Over the Hudson River, in front of the former World Trade Center Towers, 1978

My aerial theater found an appreciative audience in Europe, especially in Italy where the art critic Enrico Crispolti wrote of it as the logical extension of Futurism. While I could never take my biplane, which I had rebuilt myself and painted with a special scheme, over there, I did have many exhibitions of my drawings in Europe. As my aerial theatre events were not improvisational, but thoroughly planned beforehand, this lead to the production of a great many art works of a conventional nature, such as collages and drawings on top of site photographs. These works were useful to me in preparing for an event and in helping to visualize what I was planning. Originally I had intended to keep these works private, but later found it helpful to exhibit this material to aid in the understanding of what I was trying to do in the sky. Now these drawings, and a few photographs and videos, are all that remain.
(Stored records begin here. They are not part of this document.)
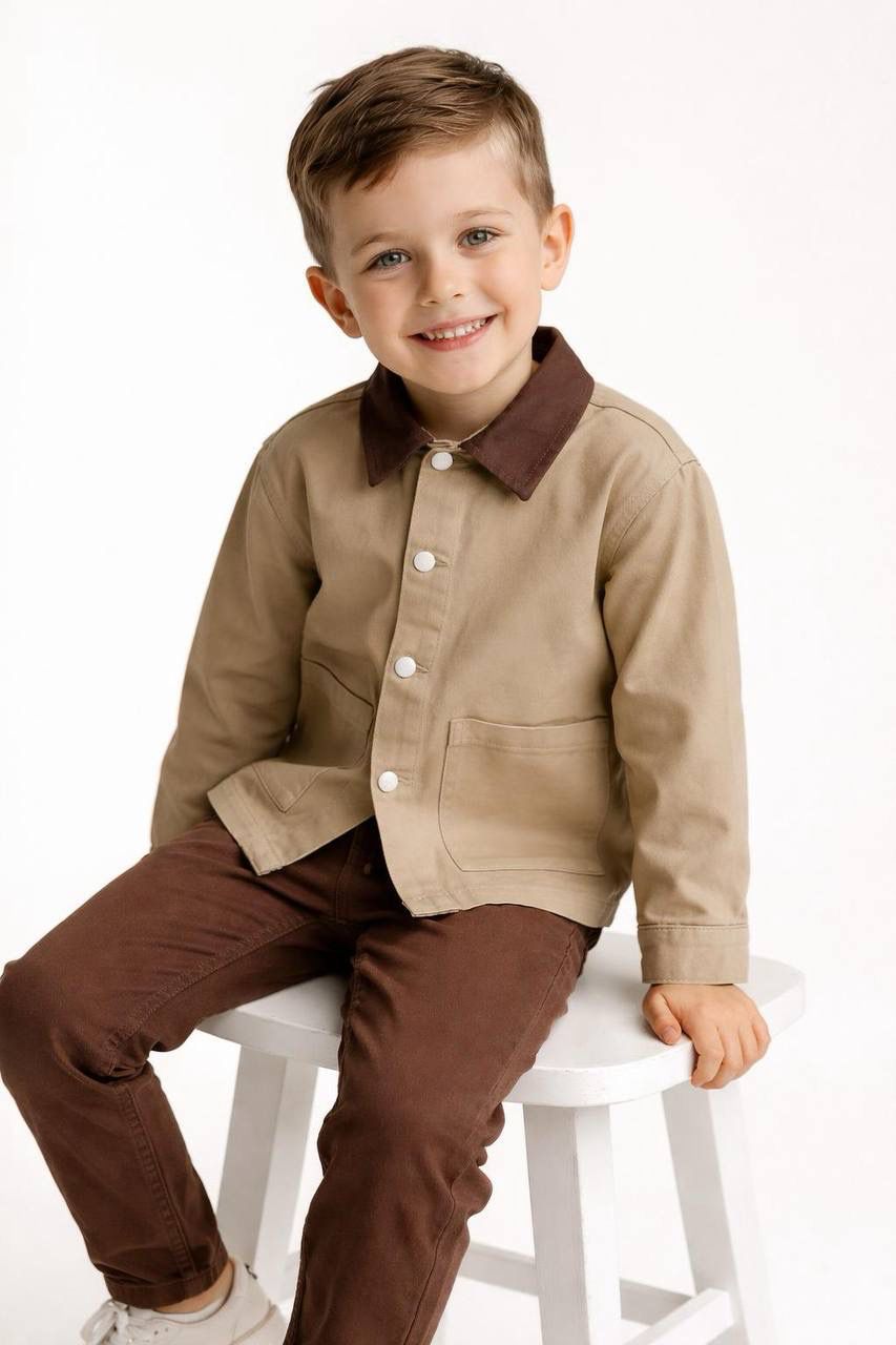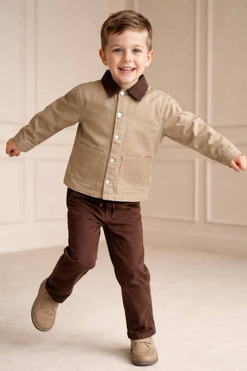 Küçük beylerin stiline vintage bir dokunuş! Little Bee Baby tarafından özenle tasarlanan bu ikili takım, toprak tonlarının sıcaklığını ve kanvas kumaşın dayanıklılığını bir araya getiriyor. Hem okul aktiviteleri hem de aile yemekleri için mükemmel bir tercih.
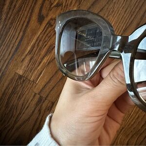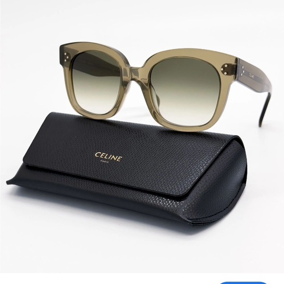 Stylish Celine sunglasses with an olive frame. Comes with a sleek black case.
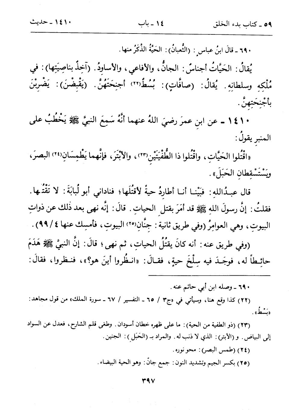 "اقْتُلوا الحَيَّاتِ، واقْتُلوا ذا الطُّفْيَتَيْنِ (23)، والأبْتَرَ، فإنَّهما يَطْمِسَانِ (24) البصرَ، ويَسْتَسْقِطانِ الحَبَلَ".

In the year 2000, having reached the age of 62, the age that most airlines require their pilots to retire, I gave up flying.

 

I am sometimes sorry that I stopped flying and performing my aerial theater. Back then it was difficult to have things documented. Now I think of all the people below me in a city like New York who would be recording my event on their I-phones and then posting the images up on the internet. I would certainly have a much wider audience than I had in the past. However, I am reminded of all the security restrictions that have been put into place since the destruction of The World Trade Center towers. I realize that my unannounced sky pieces, which I did over cities like New York, Boston, Washington D.C. and San Francisco, would not be allowed. I would doubtless be escorted away by F-16 fighter jets, maybe even shot down.  Also, I suppose that one could rightfully consider the smoke my airplane was trailing as just adding more pollution to the atmosphere. And on the subject of pollution, I am sure that there are many cities in the world today where, if I did do an aerial theater piece above them, no one on the ground below would even see it. There is no going back, so I suppose it was best that I stopped performing my aerial theater when I did.

 

End

 

Biography

 

Stephen Poleskie is an artist and a writer. His artworks are in the collections of numerous museums, including the MoMA, and the Metropolitan Museum, in New York.  His writing, fiction, and art criticism has appeared in journals in Australia, Czech Republic, Germany, India,Italy, Mexico, the UK, and the USA, and in three anthologies, including The Book of Love, (W.W. Norton) and been twice nominated for a Pushcart Prize.  He has published five novels and two books of short fiction. Poleskie has taught, or been a visiting professor at twenty-six institutions, including: The School of Visual Arts, NYC, the University of California, Berkeley, and Cornell University, and been a resident at the American Academy in Rome. He lives in Ithaca, NY, USA with his wife the novelist Jeanne Mackin.